La novela relata un momento particular de la historia de Italia, de hecho el principio de la república italiana. La unificación de los principados que rodeaban  Roma era necesaria para evitar que los grandes imperios siguieran invadiendo esas tierras. Pero el problema radica en que el movimiento unificador surge de la clase burguesa. Los nobles contemplan, atemorizados algunos, desconcertados otros, cómo ese movimiento adquiere el apoyo de las clases populares.

 La novela de Lampedusa inicia con el arribo del General Garibaldi a Sicilia en el año de 1860. El temor en algunos se refleja en llanto y no son pocos los que huyen auxiliados por los ingleses. Pero el príncipe Fabrizio Salina, hombre acostumbrado a mandar siempre, decide esperar hasta que los acontecimientos definan el rostro verdadero de la revolución. El sabe del respeto que el pueblo le confiere y por eso su temor es menos. Es su sobrino preferido, el príncipe Tancredi quien le enseña una lección que es como una sentencia y al final un estigma que lo marca de por vida. Estando el ejército de Garibaldi en Sicilia, los jóvenes nobles tienen que decidir si son hechos presos por los revolucionarios o si se unen a las tropas y pelean hombro a hombro por el cambio. Tancredi decide lo segundo y a punto de partir le dice a su tío la frase que llena el libro: “Si queremos que todo siga como está, es preciso que todo cambie”. Lampedusa no sabe que con esa frase inaugura una filosofía que se acomoda muy bien en la clase burguesa: el gatopardismo.

            En adelante, el príncipe Salina mantiene su jerarquía en el nuevo régimen. Tanto el pueblo como los burgueses y militares reconocen su nobleza y la respetan. Incluso le ofrecen una senaduría, con el propósito de que así pueda ayudar a su pueblo. Pero éste rechaza el ofrecimiento señalando que los sicilianos no quieren que se les despierte. Las cosas cambian y en apariencia siguen igual. Otros son los que ostentan el poder, otros son los que dominan, pero los dominados siguen siendo los mismos. El príncipe sabe que otros llegarán a ocupar su lugar, pero no tendrán el estilo o lo chic, a decir de Tancredi sobre su suegro, para ostentar ese poder. Eso irrita y deprime al príncipe Fabrizio, quien contempla al padre de Angélica, la prometida de su sobrino, quien reconoce su intrepidez, pero al mismo tiempo su vileza.

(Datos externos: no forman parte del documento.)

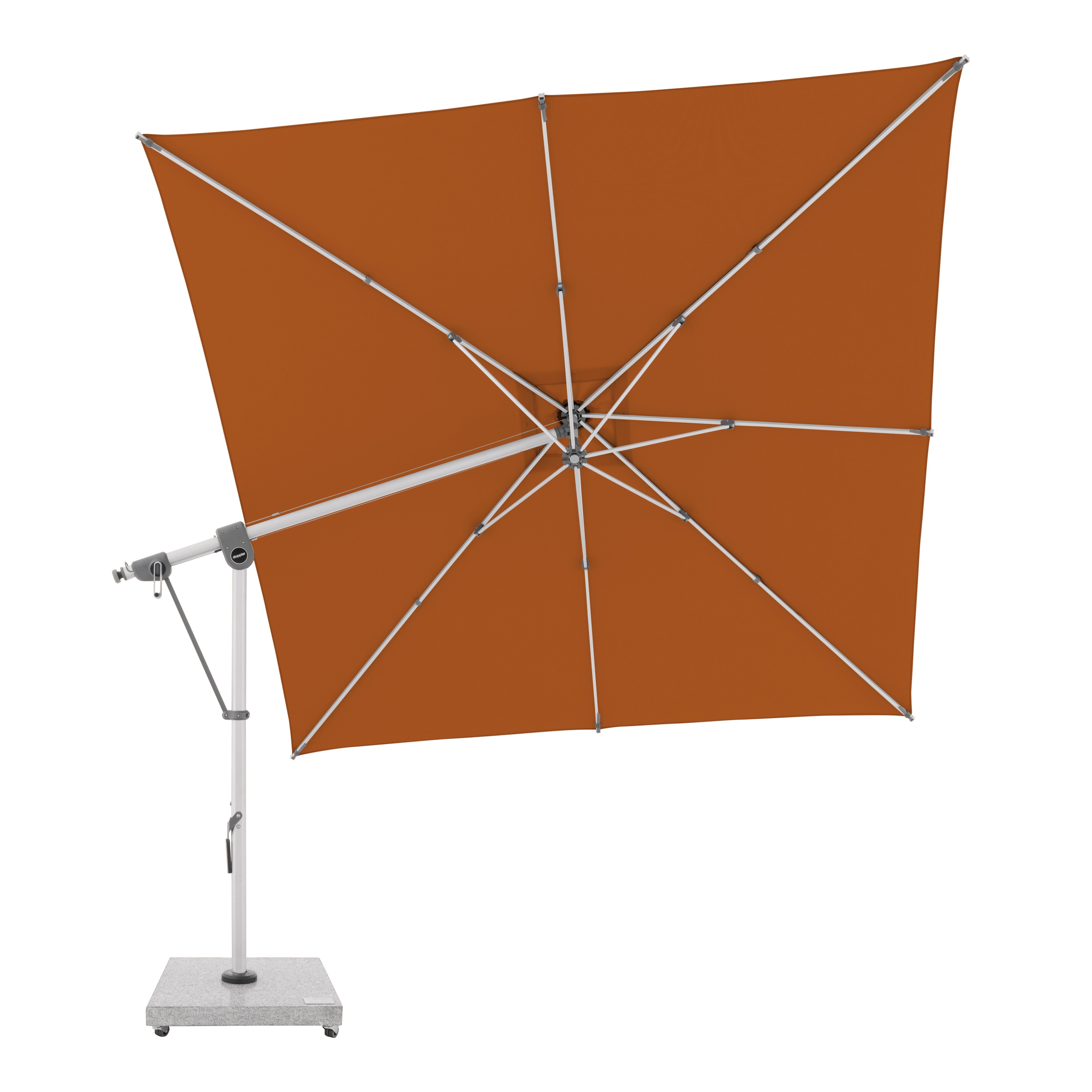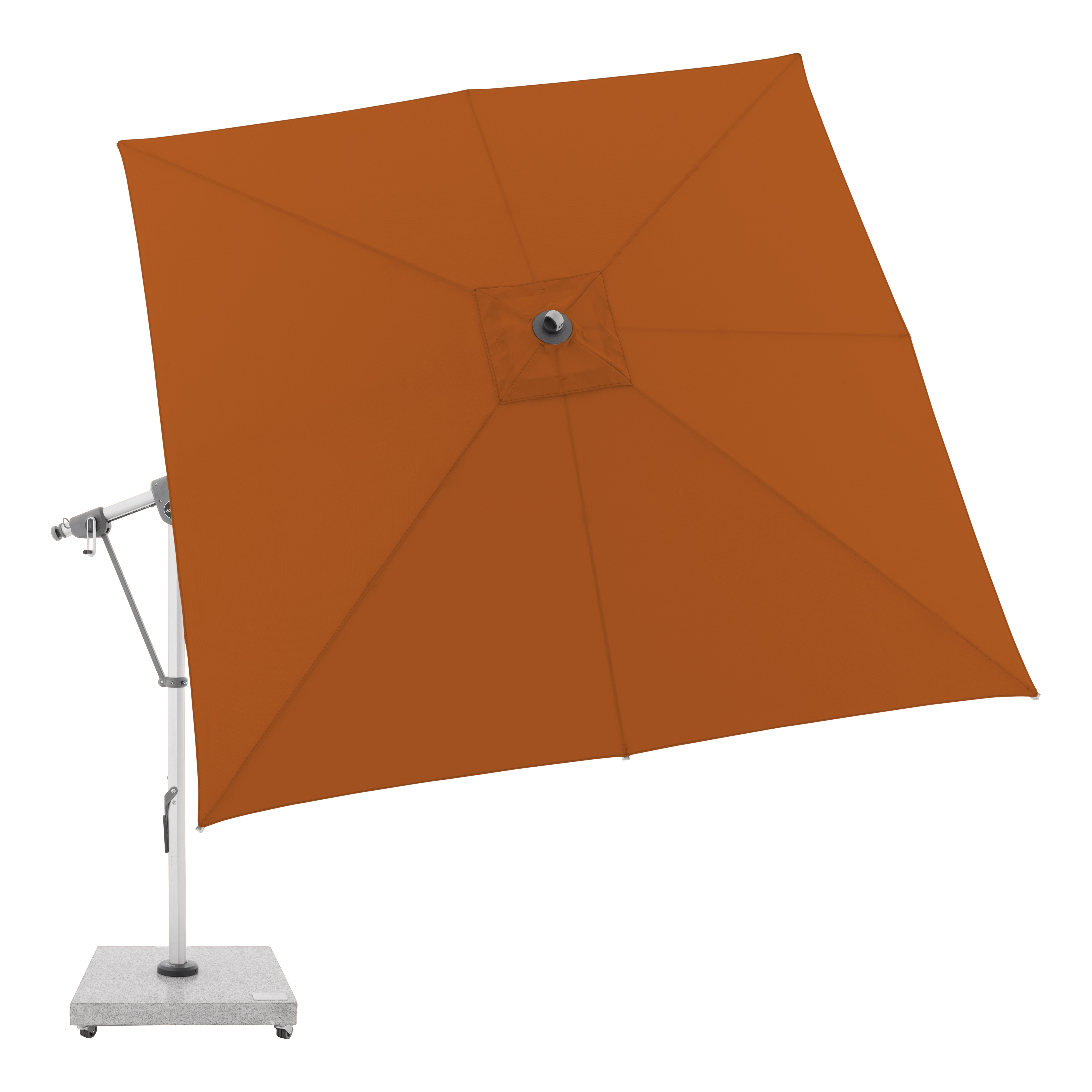 Tento multifunkční výkyvný slunečník s boční tyčí Doppler Expert 3 x 3 m lze optimálně přizpůsobit poloze slunce díky své schopnosti otáčení o 360° a oboustrannému bočnímu naklápění střechy. Konstrukce je vyrobena z vysoce jakostního hliníku a všechny díly jsou šroubované. Potah je vyroben z polyesterové tkaniny odpuzující vodu s dobrou UV ochranou 80+. Potah je snímatelný, s možností ručního praní. Vodoodpudivý potah je s impregnací proti špíně a plísni včetně ochranného obalu, který chrání slunečník před nepřízní počasí. Instalace na žulový sokl nebo zemní kotvu.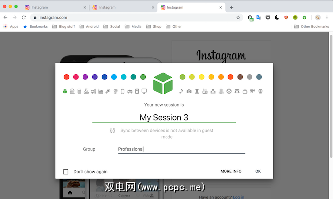 SessionBox无疑是功能最强大的。您可以根据需要启动任意数量的特定网站实例,对它们进行颜色编码或分组,或者如果您不希望向他们发送您的实际凭据,甚至可以与其他任何人共享这些会话。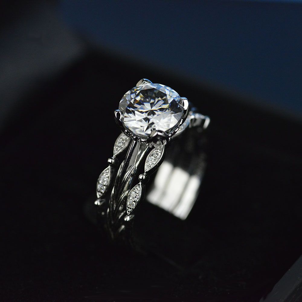2.0  Carat Dark Gray-Blue Color Moissanite Center Stone ( Round 8 mm, I2-Clarity, Ex-Cut, Ex-Polish, VG-Symmetry) with Two Eternity Bands in 14K  White   Gold.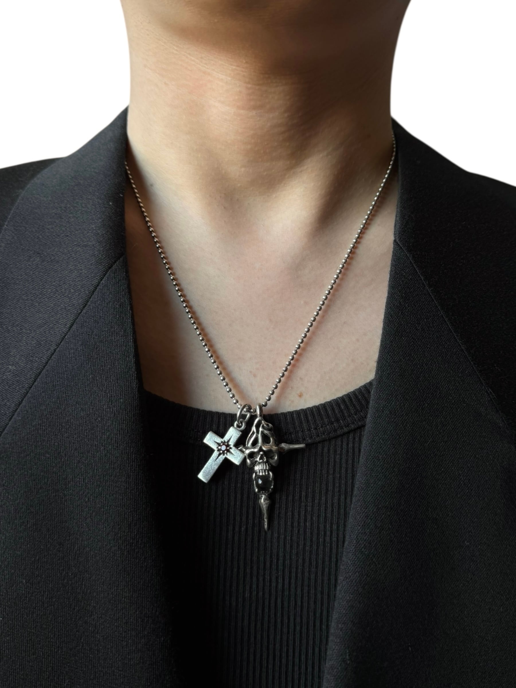 スカルクロスとジルゴニアがついた程よいサイズ感のクロスのダブルパンチでかなり目立ってくれるのでコーディネートのアクセントに‼️✨️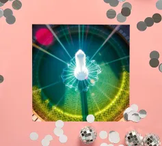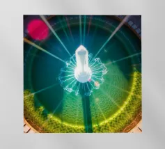 Una prospettiva aerea cattura una magnifica fontana circondata da acqua scintillante, che riflette colori vivaci mentre il sole tramonta sul parco sereno.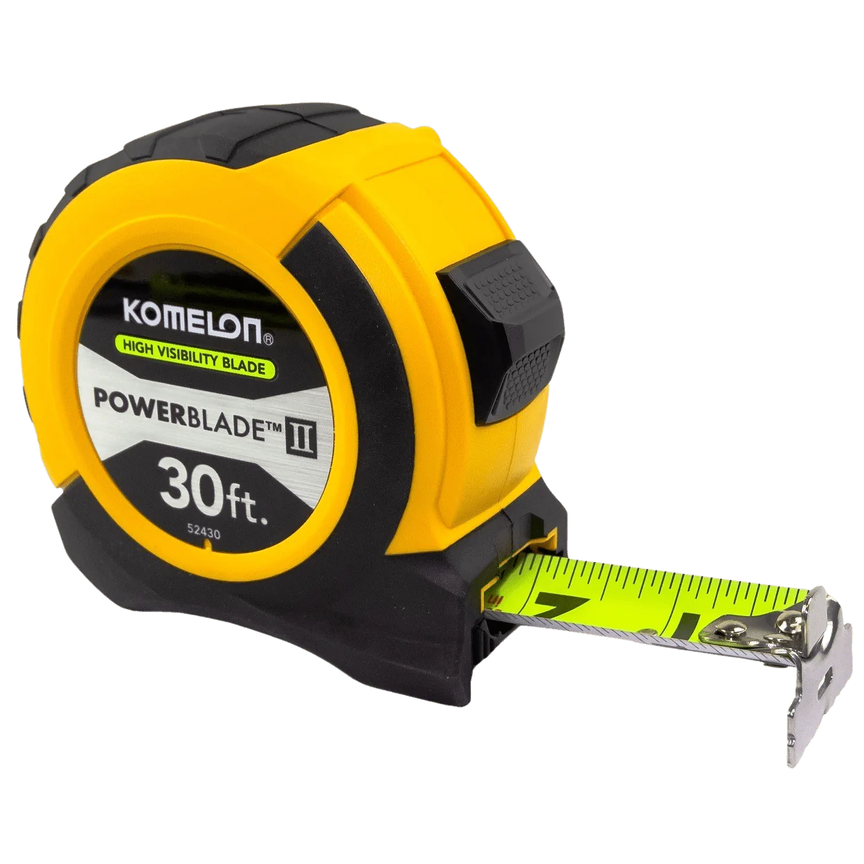 The Komelon PowerBlade II tape measure with MPN 52430 offers a length of thirty feet and a width of one sixteenth of an inch. This tape measure has a durable ABS case. Its high visibility blade makes it easy to read in different light conditions, featuring large print.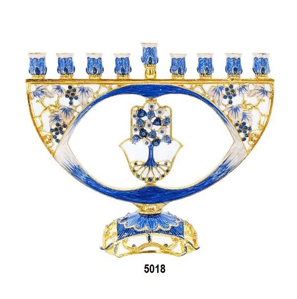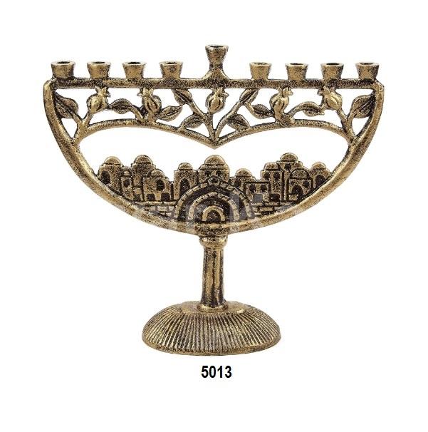 เทียน menorah เทียนอลูมิเนียมวินเทจ-Hanukkah menorah การออกแบบเยรูซาเล็มโบราณที่มีเสร็จสิ้นสีเงินโบราณ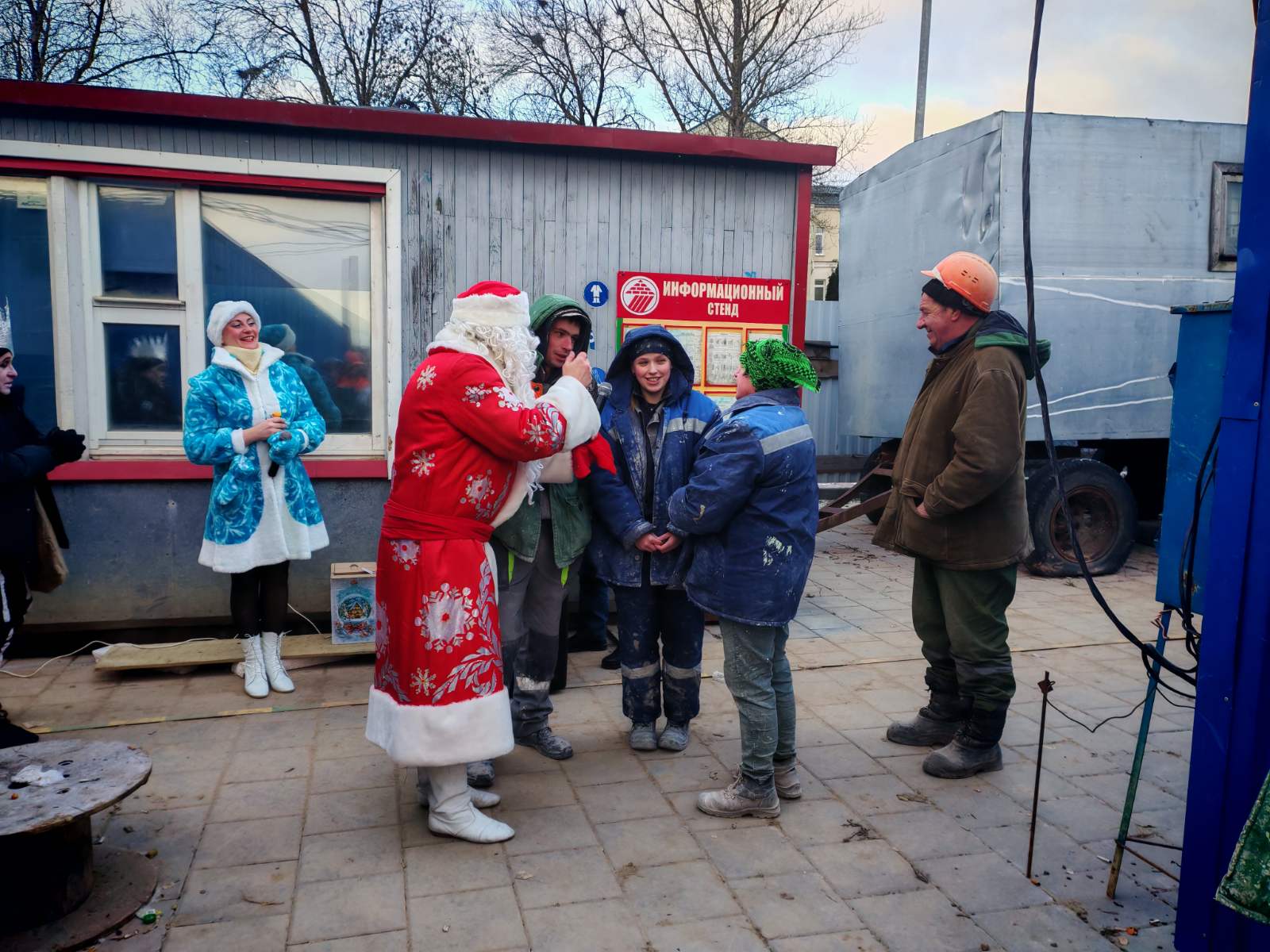 Вдали от городского шума, среди заснеженного леса и рабочих бытовок, сотрудники строительной организации устроили настоящий новогодний праздник. Несмотря на мороз и рабочую форму, на площадке царила атмосфера тепла и веселья: Дед Мороз, Снегурочка и другие сказочные персонажи поздравили трудовой коллектив, подарили подарки и зарядили всех праздничным настроением.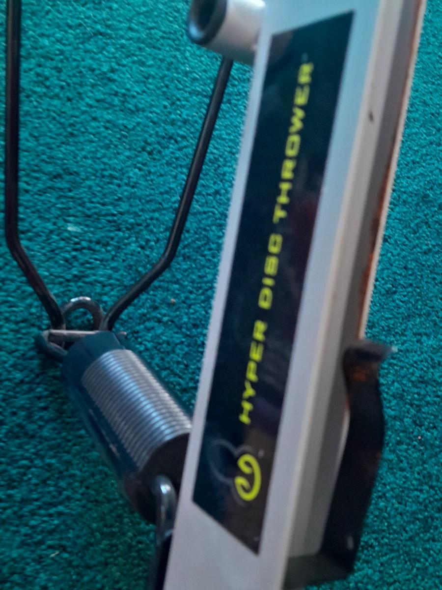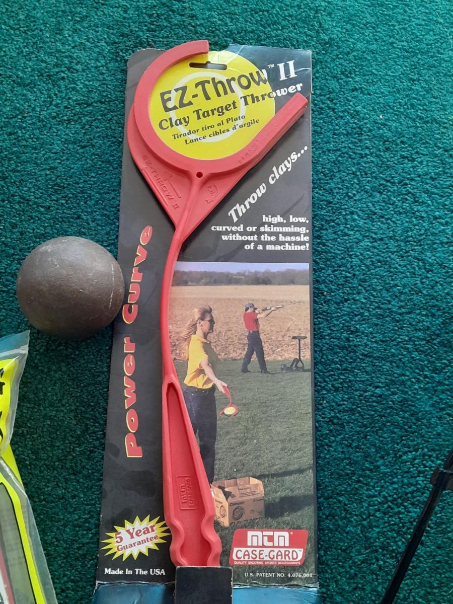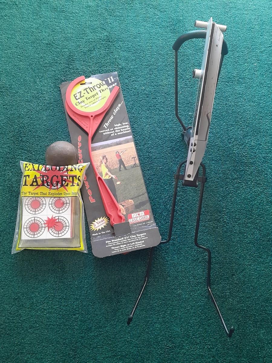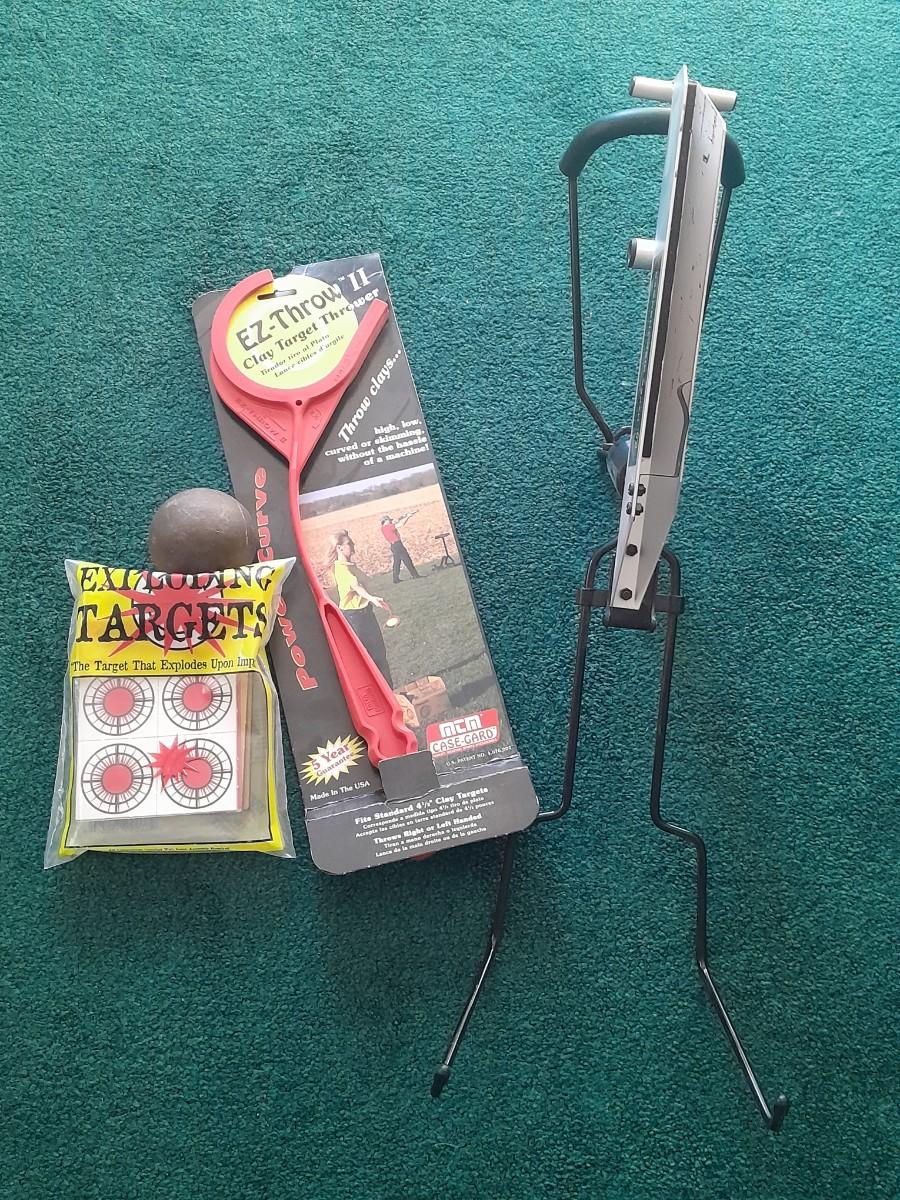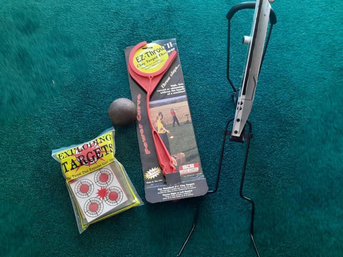 TWO DIFFERENT CLAY PIGEON THROWING TOOLS, AND A PACKAGE OF EXPLODING TARGETS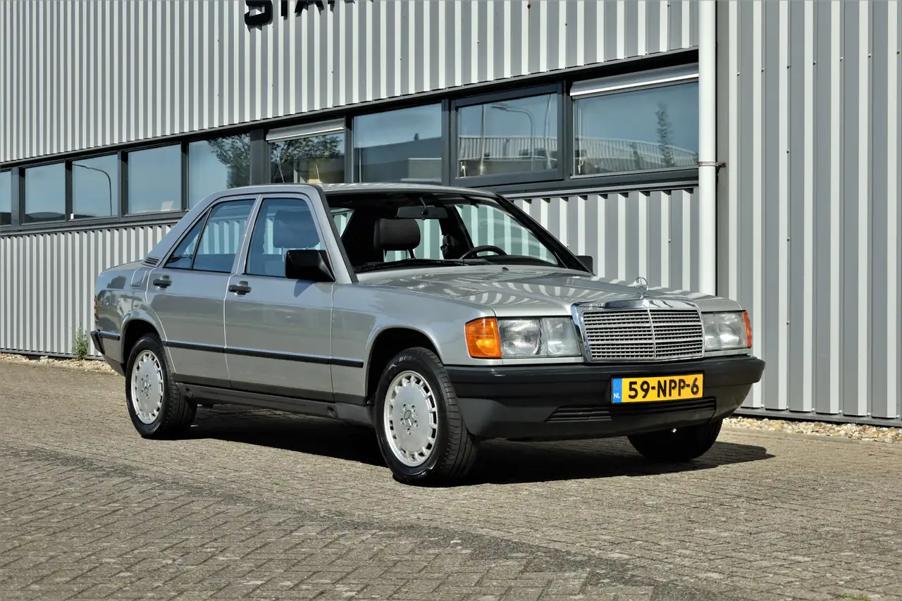 Super leuke belastingvrije Mercedes 190E, uitgevoerd in zilvergrijs metallic met een zwart stof interieur; een klassieke combinatie.

Es la escena de baile la parte culminante de la novela. En esta escena se muestra el proceso de degradación de una sociedad que se mueve en las apariencias y el materialismo. La nueva clase burguesa, representada por don Calogero, no tiene la categoría que se requiere para ostentar el mando, el hombre pedestre sólo está pensando en el costo de las cosas. En ese mismo baile Fabrizio Salina descubre la razón por la cual la clase noble ha decaído. Contempla a unas jovencitas pálidas, pequeñas y flacuchas en un salón del palacio y entiende que los casamientos entre primos, que tienen el propósito de mantener íntegro el patrimonio y el linaje de las familias nobles, ha provocado una degradación antes que un mejoramiento. Por eso no es tan malo que Tancredi, un noble, case con Angélica, una mujer cuyo abuelo fue un campesino borracho, siervo de los Salina. La clase militar también irrita al príncipe, sobre todo cuando el coronel Pallavicino cuenta la manera como tomó preso a Garibaldi, el general que peleó por la unidad de Italia, pero que murió por la misma razón. Contemplar esto le hace comprender al príncipe Fabrizio, el gatopardo, que de la vida sólo puede esperar un momento de perenne certidumbre. El gatopardo muere, muere el príncipe, el mundo, su mundo se acaba, tal cómo él lo había profetizado.